↓
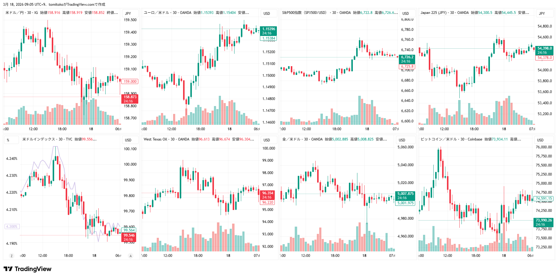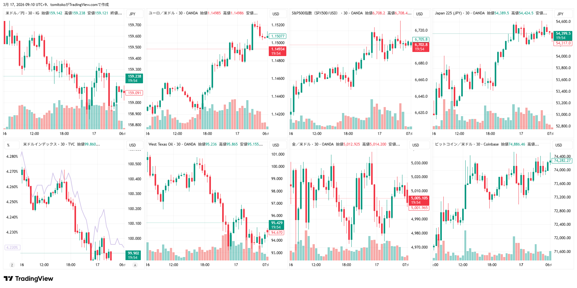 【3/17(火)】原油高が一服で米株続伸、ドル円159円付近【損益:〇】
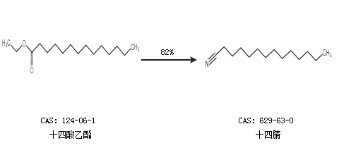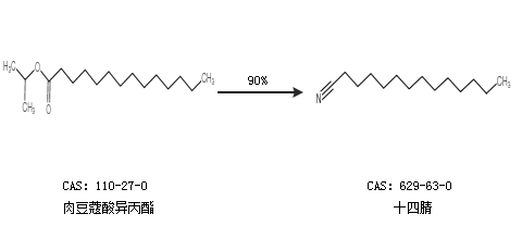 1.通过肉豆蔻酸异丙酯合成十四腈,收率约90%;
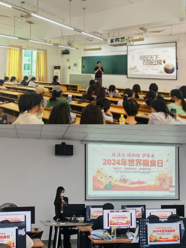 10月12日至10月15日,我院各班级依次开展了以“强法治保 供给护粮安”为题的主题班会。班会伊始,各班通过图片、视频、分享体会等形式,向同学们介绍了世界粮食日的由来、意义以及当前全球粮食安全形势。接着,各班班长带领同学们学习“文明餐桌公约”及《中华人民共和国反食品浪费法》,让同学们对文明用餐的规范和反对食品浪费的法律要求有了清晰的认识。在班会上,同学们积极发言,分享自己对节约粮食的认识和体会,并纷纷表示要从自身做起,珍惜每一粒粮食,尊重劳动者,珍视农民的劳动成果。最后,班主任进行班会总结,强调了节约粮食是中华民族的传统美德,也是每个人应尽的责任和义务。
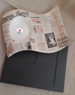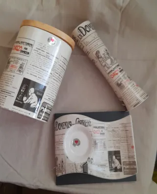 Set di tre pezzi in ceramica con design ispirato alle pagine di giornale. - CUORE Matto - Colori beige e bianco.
↑
↓
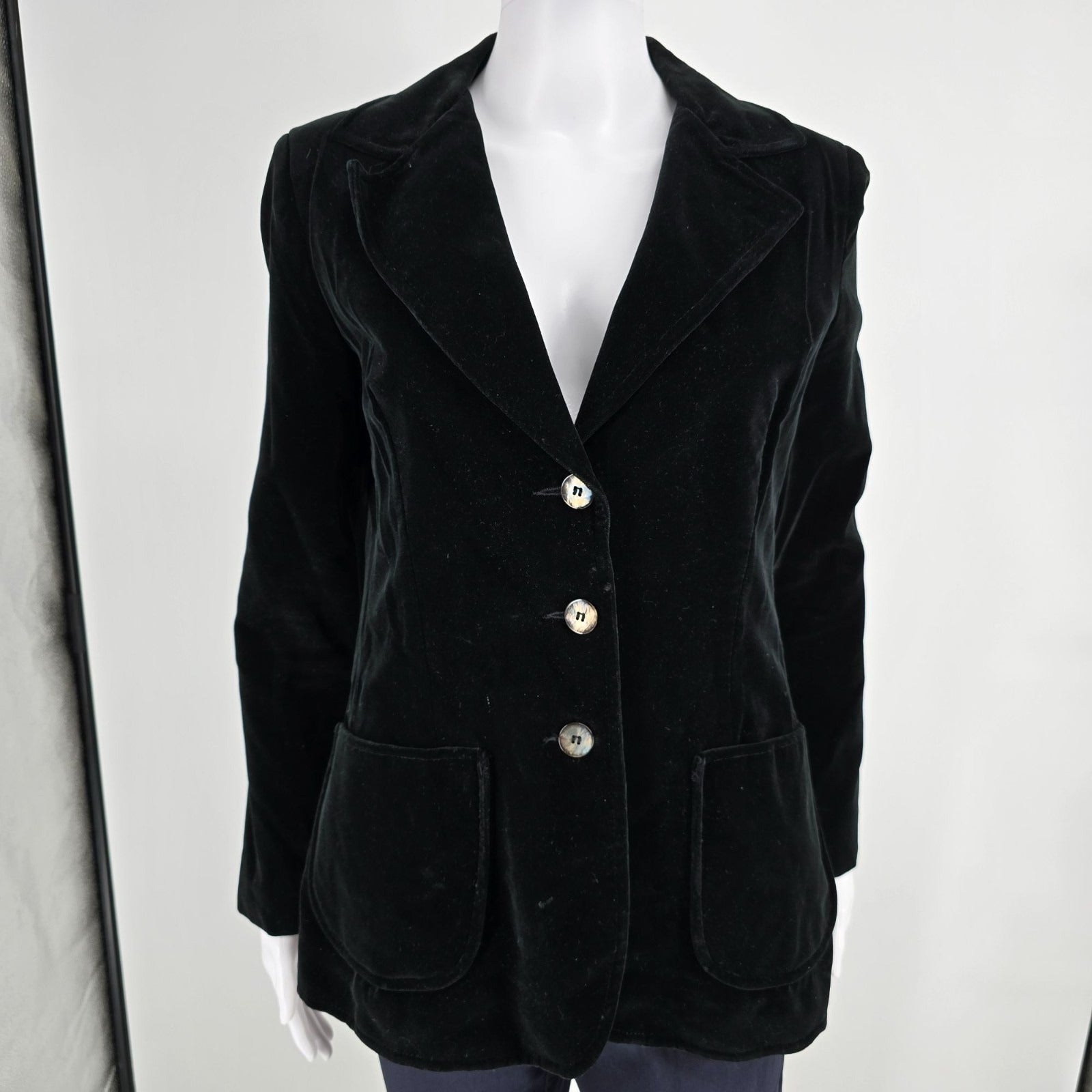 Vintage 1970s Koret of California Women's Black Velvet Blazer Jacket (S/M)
↑
↓
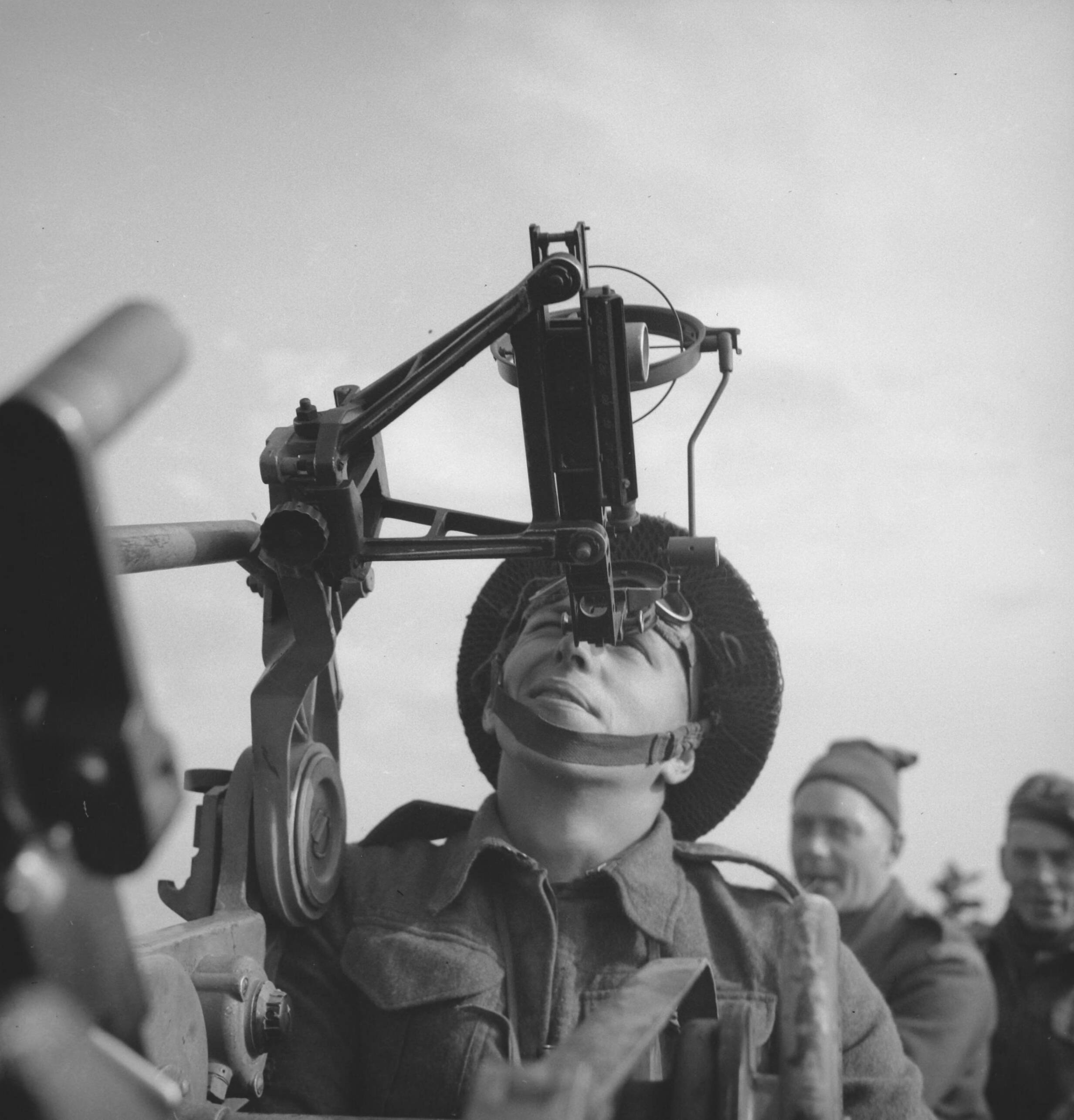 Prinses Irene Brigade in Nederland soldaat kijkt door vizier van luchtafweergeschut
↑
*Work to complete*
From the listing above, restate verbatim the lines running from the one with "1.通过肉豆蔻酸异丙酯合成十四腈,收率约90%;" through the one with "Set di tre pezzi", inclusive, but not the pictures.

*Completed task*
 1.通过肉豆蔻酸异丙酯合成十四腈,收率约90%;
 10月12日至10月15日,我院各班级依次开展了以“强法治保 供给护粮安”为题的主题班会。班会伊始,各班通过图片、视频、分享体会等形式,向同学们介绍了世界粮食日的由来、意义以及当前全球粮食安全形势。接着,各班班长带领同学们学习“文明餐桌公约”及《中华人民共和国反食品浪费法》,让同学们对文明用餐的规范和反对食品浪费的法律要求有了清晰的认识。在班会上,同学们积极发言,分享自己对节约粮食的认识和体会,并纷纷表示要从自身做起,珍惜每一粒粮食,尊重劳动者,珍视农民的劳动成果。最后,班主任进行班会总结,强调了节约粮食是中华民族的传统美德,也是每个人应尽的责任和义务。
 Set di tre pezzi in ceramica con design ispirato alle pagine di giornale. - CUORE Matto - Colori beige e bianco.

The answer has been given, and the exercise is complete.